How do Haar Cascades work in OpenCV?

P

Pudjak2021-12-03 09:00:36

OpenCV

Pudjak, 2021-12-03 09:00:36

Can you explain in plain language how it works?
Let's say there is some image on which faces need to be determined, and we pass it through this algorithm.
In it we have black and white masks and features 24 by 24 in size. There are also 25 levels of some kind.

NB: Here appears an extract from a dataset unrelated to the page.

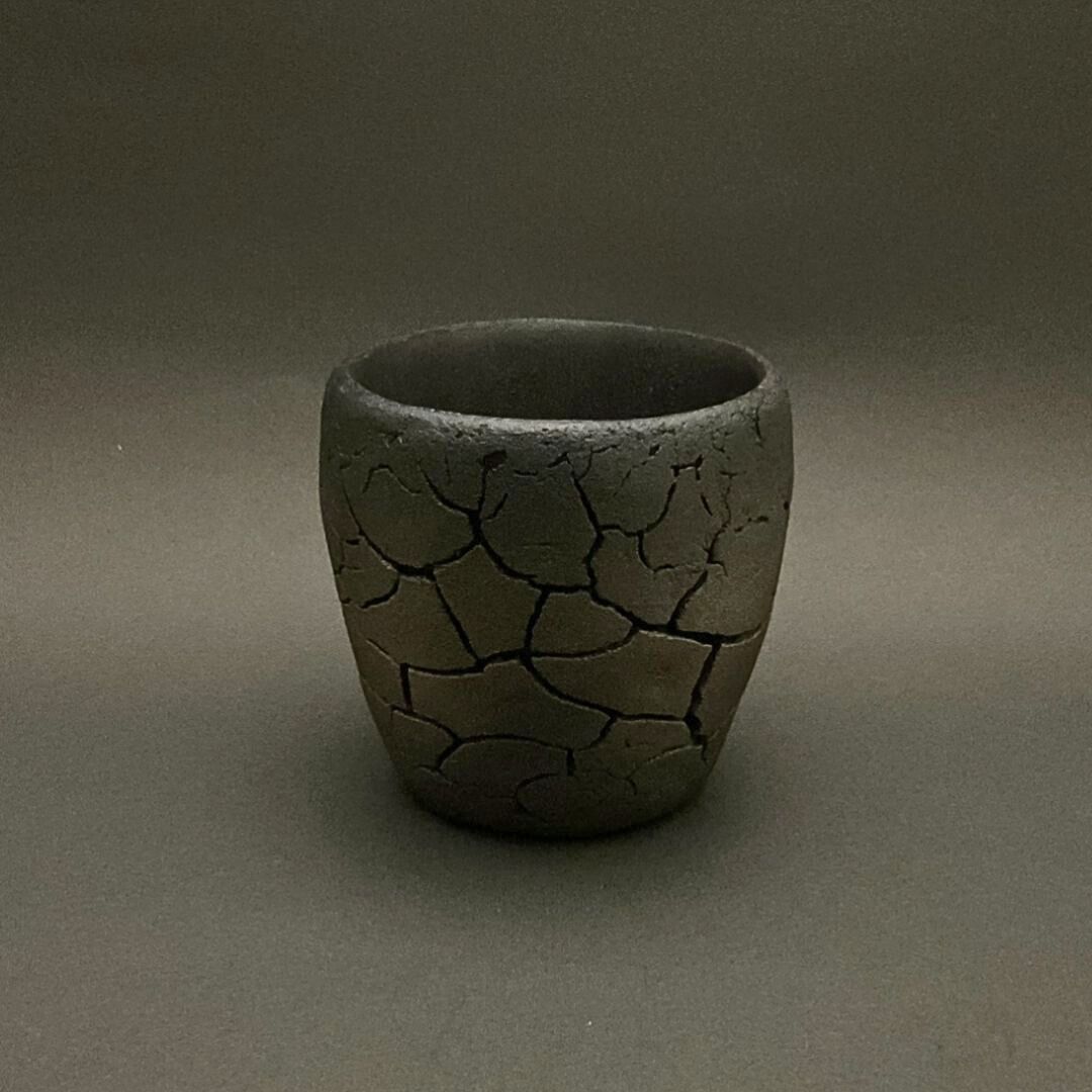 かつてまだ清酒が存在しなかった時代、人々は濁りを含んだ素朴な酒を楽しんでいました。その『にごり酒』の味わいは 古びたものに宿る美しさ すなわち「わび・さび」と深く響き合います。ひび割れた大地のような表情を持つこのぐい吞みは 濁り酒の素朴な甘味と共に 時を越えた趣を引き立ててくれるでしょう。静かに盃を傾ければ 古の宴が目の前に蘇るかのような感覚を呼び起こします。

So what happens to them in the end?
I guess the type of sign is 24 by 24 we go through the entire image. On each such pass, we also pass with masks to determine whether a person can be in this place or not (if so, how?). As a result, we have an image with several marks 24 by 24, on which, in theory, the face. And how will it ultimately be decided whether this face is in the whole image?

Reply

Answer the question

In order to leave comments, you need to log in

1 answer(s)

V

Vindicar, 2021-12-03
@Vindicar

"Haar sign" is a rectangular filter divided into two areas - light and dark. This filter is applied to some area of the image (window). The value (response) of the feature is the sum of the brightness of the image pixels in the bright area minus the sum of the brightness of the pixels in the dark area. If this difference exceeds a certain threshold, then we consider that the given filter gave a response in the given place of the image.
This is a primitive classifier. When training a Haar classifier using the boosting algorithm, a set of such primitive classifiers is added to one composite classifier. But such a classifier either works for a long time or gives a lot of false positives. Even a 0.01% chance is a lot considering how many possible windows (possible face positions) an image can have.
Therefore, it uses the principle of "attention cascade". A chain of several composite classifiers is formed in such a way that each subsequent one sifts out as many negative examples as possible, but at the same time misses all or almost all positive ones (detection rate> 95%). This allows us to confine ourselves to calculating relatively fast and simple composite classifiers for the vast majority of windows in the image.
In the end, several nearby windows can be merged into one using non-maximum suppression. This is necessary, since the face can fall into several neighboring windows at once, slightly offset relative to each other.
If in the end we have responses, then we know the positions and sizes of possible faces in the image. And then there are heuristics based on this information. For example, if we want a close-up, then we can reject the image if the largest face occupies less than 75% of the image area.